11In approximately July 2020, the Child was placed with his paternal aunt. That placement broke down approximately one year later. In July or August 2021, the Child was placed in the care of the Applicant further to a court order made in the SCJ proceeding. That court order provided for access by the paternal aunt through the Respondent’s Supervised Access Program.
12The Respondent subsequently decided to again place the Child in the care of his paternal aunt. On July 26, 2022, a temporary order was made placing the Child in the care of his paternal aunt subject to supervision by the Respondent. That order provided for access by the Applicant at the discretion of the Respondent and facilitated by the paternal aunt.
13The paternal aunt refused to facilitate access to the Applicant other than two video visits. The Applicant brought a motion for access to the Child as well as for party status in the SCJ proceeding. The Applicant was granted party status in the SCJ child protection proceeding.
14On September 19, 2023, the Applicant’s motion for access to the Child was granted in the SCJ proceeding with a temporary order made specifying access by the Applicant to the Child.
15The paternal aunt refused to provide access other than two video visits. The Applicant brought a Contempt motion in relation to the September 19, 2023 access order that was heard on December 6, 2023. The decision was reserved and not released prior to the conclusion of the case.
16The Respondent brought a motion for leave to appeal the September 19, 2023 order in the Ontario Divisional Court. The Applicant was a party to this proceeding.
17The Applicant ultimately withdrew all her claims for relief in relation to the Child in both the SCJ and in the Divisional Court.
ANALYSIS
18The Applicant was a party in both the SCJ child protection proceeding and the Divisional Court proceeding.
19All the allegations by the Applicant in her Application were with respect to issues that were before the court or that the Applicant could have raised in the legal proceedings.

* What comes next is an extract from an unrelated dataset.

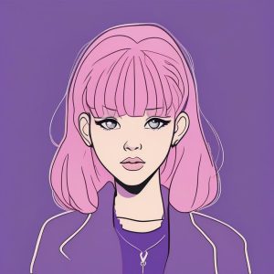 极简90年代复古VHS动漫风少女肖像,直发棕发女孩,背景为浅绿色纯色。插画整体干净,用基本形状和极少细节表达。无阴影与纹理,主体居中。全画风格来自VHS录影带和90年代动漫,女孩表情平静略带忧郁。

20The central issue for the Applicant was her desire to have access to the Child and her allegations in the Application are all in relation to her claim in the legal proceedings for access. That issue was squarely before the SCJ and the access order made in SCJ was the subject of the motion for leave to appeal by the Respondent.
21The determination of the access issue required an assessment of the Child’s best interests. The allegations of discrimination or overreliance by the Respondent on her non-Indigenous status should have been addressed by the Applicant in the court proceedings.

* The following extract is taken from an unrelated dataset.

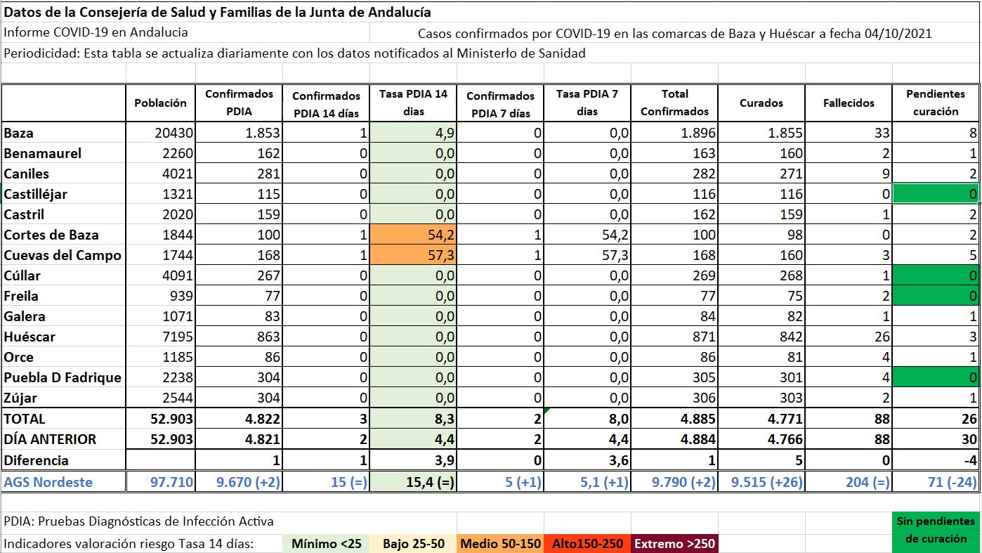 A esa circunstancia se une la de que Baza pasa a tener tasa cero a siete días, a la par que suma otros tres curados, a los que se unen uno más en Castilléjar y otro en Cuevas del Campo, con la buena nueva de que Castilléjar pasa a tener curada a toda su población, como ya hicieran Cúllar, Freila y La Puebla de don Fadrique, mientras que en el resto de municipios quedan pendientes de esa curación 26 pacientes, destacando los 8 de Baza y los 5 de Cuevas del Campo.

22Regarding her allegations that the Respondent had supported the breaches of the access order by the paternal aunt, it was open to the Applicant to make these allegations in the court proceedings, including in the context of her Contempt motion.
23During the course of both the SCJ and Divisional Court proceedings, to which she was a party, it was open to the Applicant to raise concerns related to the care of the child while he was placed with the paternal aunt. The same applies to the Applicant’s allegations of false representations by the Respondent to the Courts involved. The Court was the proper forum for the Applicant to raise her concerns.
24Regarding her allegation about the Respondent’s conduct in the Healing Circle, the Applicant acknowledges in her material that this was an issue brought up in the SCJ.
Conclusion
25For the reasons set out above, I find that all the issues raised by the Applicant in her Application either were or are before the Court and therefore the CFSRB does not have jurisdiction to review these issues.
ORDER
26The Application is dismissed for lack of jurisdiction.
CONFIDENTIALITY ORDER
29Pursuant to Rules 9.3 and 9.4 of the CFSRB’s Rules of Procedure, parties and their representatives must not use, share, discuss or disclose any CFSRB documents or decisions, or any other documents or information provided or used in this Application, with anyone including through the media or online. The CFSRB prohibits the use of any of this information for any purpose outside of the CFSRB’s proceedings, except with an order of the Court or the CFSRB, as appropriate.
Dated at Toronto, this 30^th^ day of August 2024.